• Raw data:
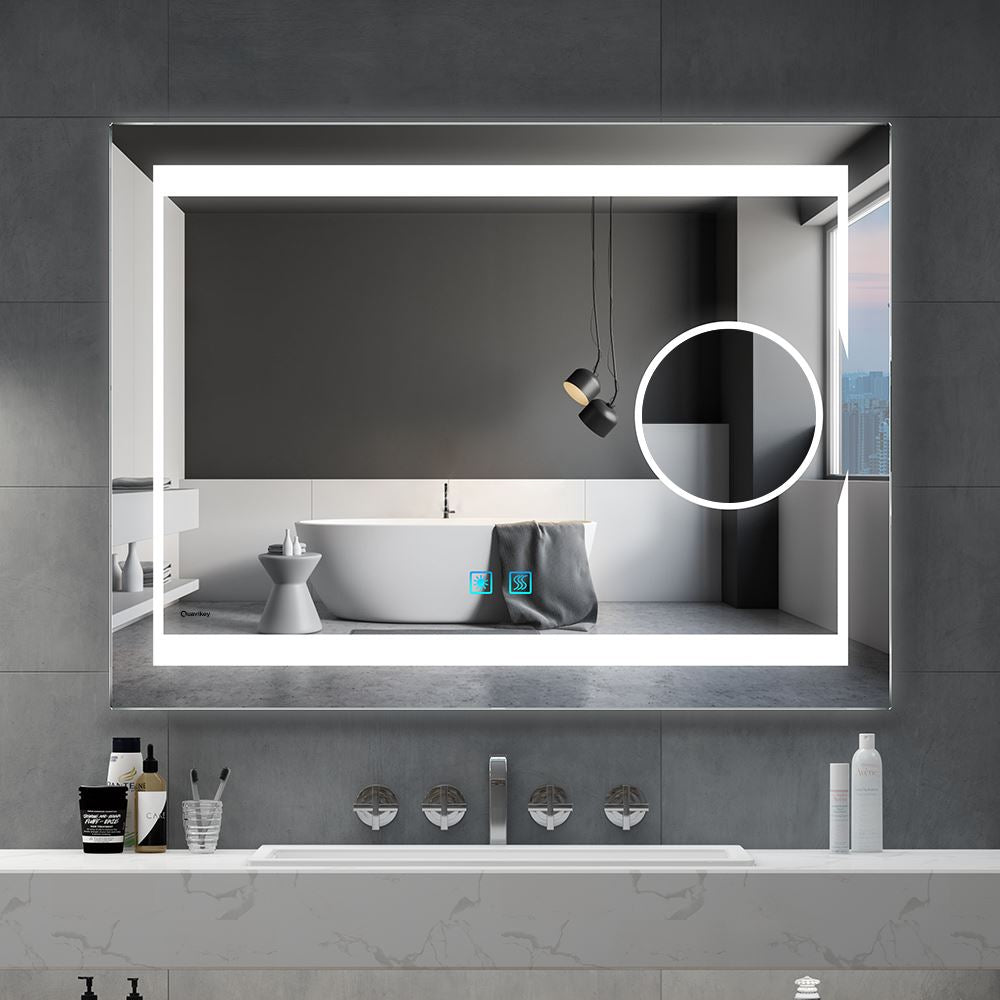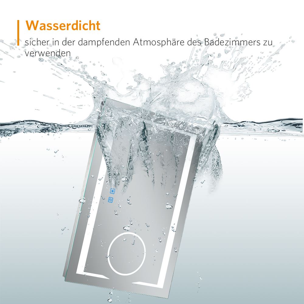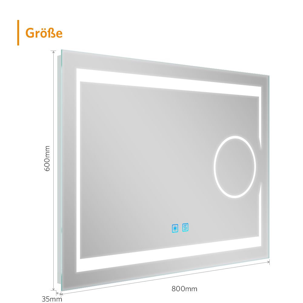 - 【Multifunktionen】80X60cm(B*H), rechtiges LED Licht,Bleifreies Glas, Aluminium Rahmen, Antibeschlag, Touch-Schalter, Helligkeit dimmbar, 6500K kaltweiß
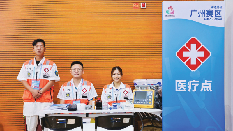 志愿者團隊是保障體系的重要支柱,200多名來自華南師范大學、廣東外語外貿大學等高校的“小海豚”志愿者,在競賽場館、交通樞紐和接待酒店提供熱情服務。其中,廣州城建職業學院大三學生梁小欣在崗位忙碌時不慎扭傷腳踝,醫生建議休息一周,但她依然主動與其他志愿者分擔工作。她說:“工作人員希望我多休息一下,但是我特別珍惜這一次機會,所以還是想要堅持站崗,運動員身體有傷殘依然克服困難追夢的樣子,是我最大的動力。”
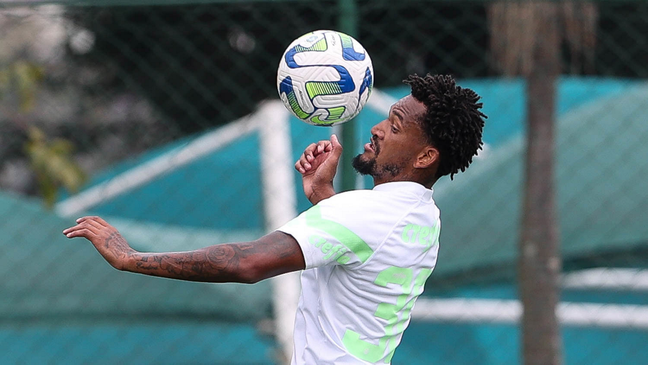 O jogador Fabinho, da SE Palmeiras, durante treinamento, na Academia de Futebol. (Foto: Cesar Greco/Palmeiras/by Canon)

• What to do:
Set down each line of the material exactly and skip every image.

• Answer box:
 - 【Multifunktionen】80X60cm(B*H), rechtiges LED Licht,Bleifreies Glas, Aluminium Rahmen, Antibeschlag, Touch-Schalter, Helligkeit dimmbar, 6500K kaltweiß
 志愿者團隊是保障體系的重要支柱,200多名來自華南師范大學、廣東外語外貿大學等高校的“小海豚”志愿者,在競賽場館、交通樞紐和接待酒店提供熱情服務。其中,廣州城建職業學院大三學生梁小欣在崗位忙碌時不慎扭傷腳踝,醫生建議休息一周,但她依然主動與其他志愿者分擔工作。她說:“工作人員希望我多休息一下,但是我特別珍惜這一次機會,所以還是想要堅持站崗,運動員身體有傷殘依然克服困難追夢的樣子,是我最大的動力。”
 O jogador Fabinho, da SE Palmeiras, durante treinamento, na Academia de Futebol. (Foto: Cesar Greco/Palmeiras/by Canon)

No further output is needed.